ひだまり
前もって、今日の5人の食事会は中止してもらってるから………

後10分もすれば駅に着くはずだ。

『お仕事お疲れ様。駅で待ってるから、気を付けておいで。』

メールを送ると急ぎ足で駆けてくる、彼女が見えた。

車に近づく彼女に

「乗って」と言っても……固まって動かない。

「後ろから車が来るよ。」と急かすと、慌てて助手席に乗り込み

シートベルトをはめて、得意顔をしている。

以前、カニのお世話で川原に行った時……はめることが出来なかったから

出来たことを、誉めて欲しいんだろう。

ホントに可愛い性格だ。

「急にごめんね。
今日は集まらないって、先生達に聞いたから………
門限……て言うか、何時まで一人?」

「多分、両親は……夜中に帰って来るかも………。分からないですけどね。
言ってても帰らないことって……良くあるので。
妹は…彼氏と一緒だから……10時くらいかな?
それで………どうして帰りに待っててくれたんですか?」

「あぁ~ごめんごめん。
ドライブに付き合ってもらいたくて、時間を聞いたんだ。

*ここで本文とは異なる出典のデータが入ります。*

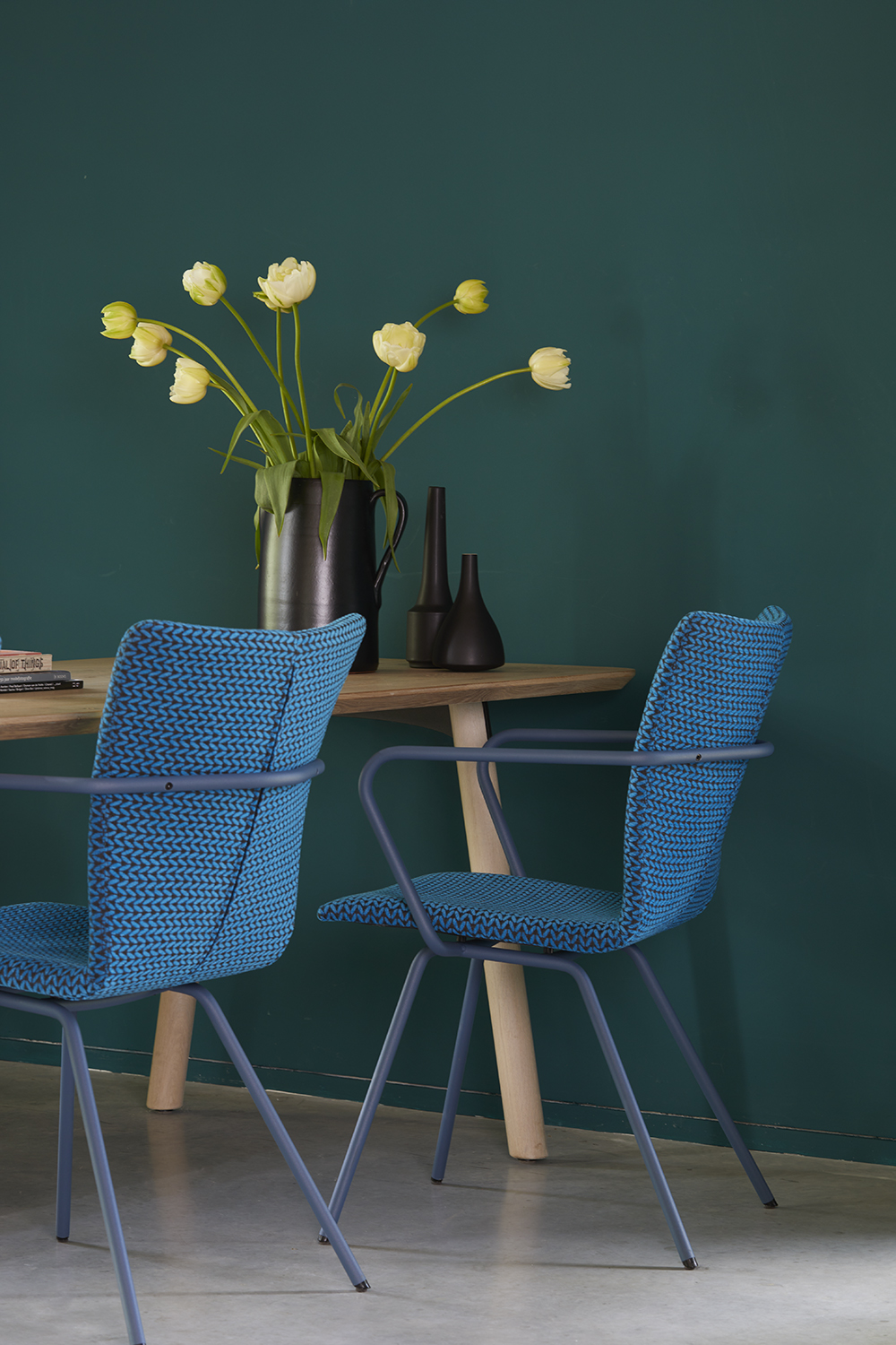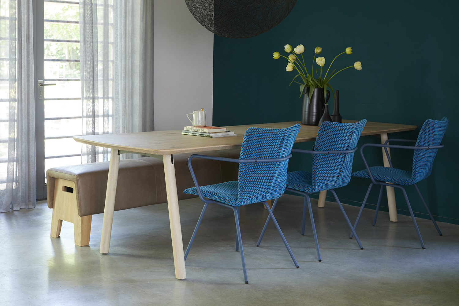 Metaal in antraciet, zwart, wit of groen. RAL-kleur op aanvraag.
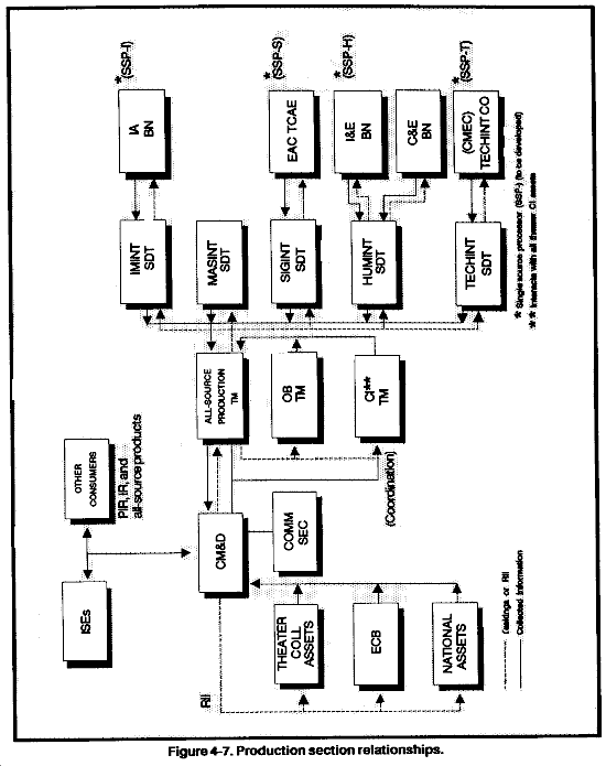 Internal operational procedures and the intelligence cycle dictate close, continuous relationships among all production section teams. Figure 4-7 shows these relationships. The CM&D section fills gaps in information by formulating tasks and levying requirements to assets deployed within the theater and by tasking national assets.
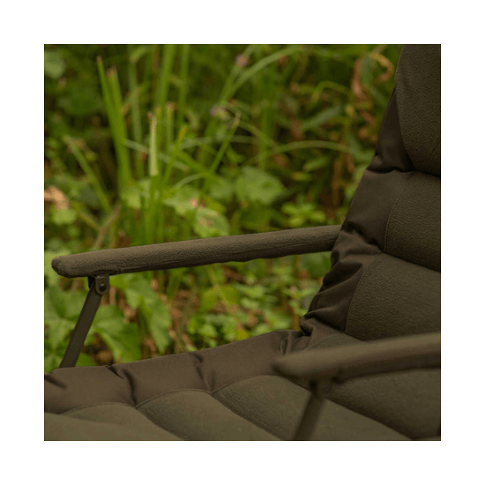Sedia reclinabile del marchio Avid Carp modello Benchmark Leveltech HI-Back a colori verdespeciale per il carpfishing.
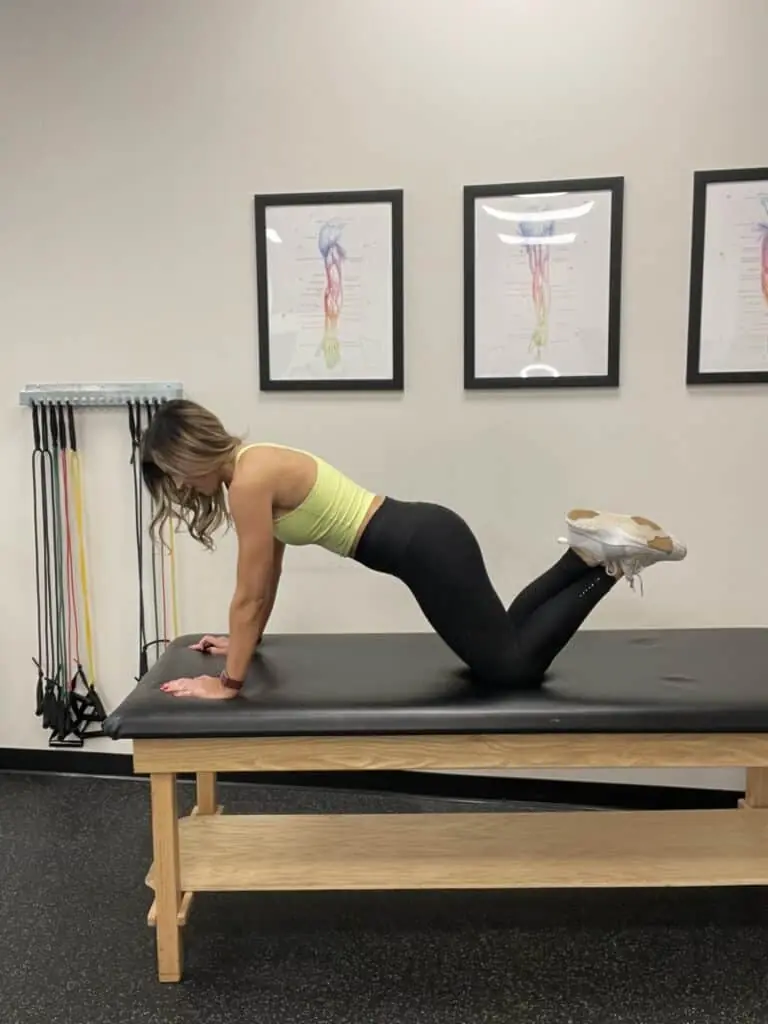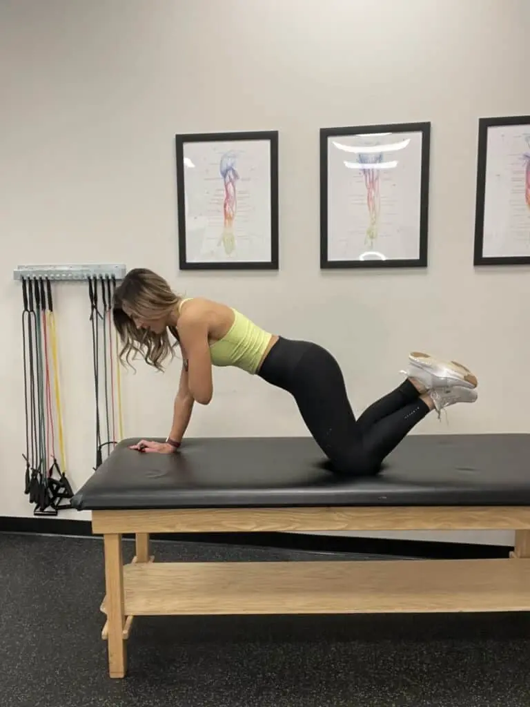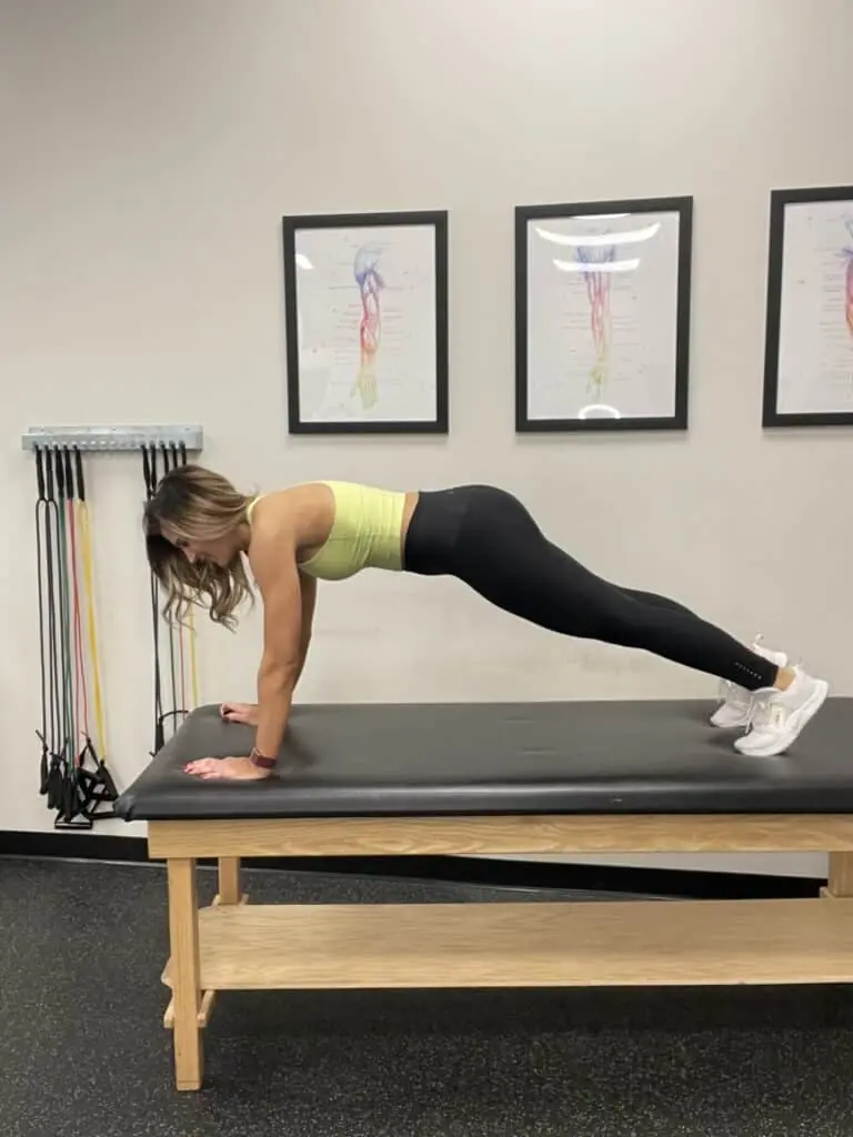 Start in a quadruped position, with your knees directly under your hips and your hands directly under your shoulders; ensure your back is straight and your abdominals are tight. Begin the exercise by slowly lifting one hand and tapping the front shoulder of your opposite arm. Make sure to keep your back straight and abdominals tight as you alternate the movement from one hand to the other. Complete three sets of 30 second reps. To make this more challenging, lift off your knees into a high plank.

」

「そうだったんですね。
ところで………どこに……って言うか、どうしてドライブに??」

「流石にそこは、疑問を持つんだね。
何処かは……着いてからね。説明しにくいところだからねぇ~
どうしてか……も、詳しくは…後でだけど……
四人にクッキーあげたの……知ってるよね?
先生には、なかったでしょう?先生は、まだだったから。
クッキーが苦手だって言ってたから……
嫌いな食べ物より、一人淋しくないように……ドライブでもどうかな?って思って。」

「わぁ!嬉しいです。
先生と二人なのは……ドキドキですけど。
やっぱり、嬉しいです。」

「そんなに喜んでもらえると、オレも嬉しいよ。」

お花畑に赤ずきんちゃんを、誘い込むオオカミみたいで気も引けるけど

この後の告白を思うと…………オオカミの方が緊張でガチガチだ。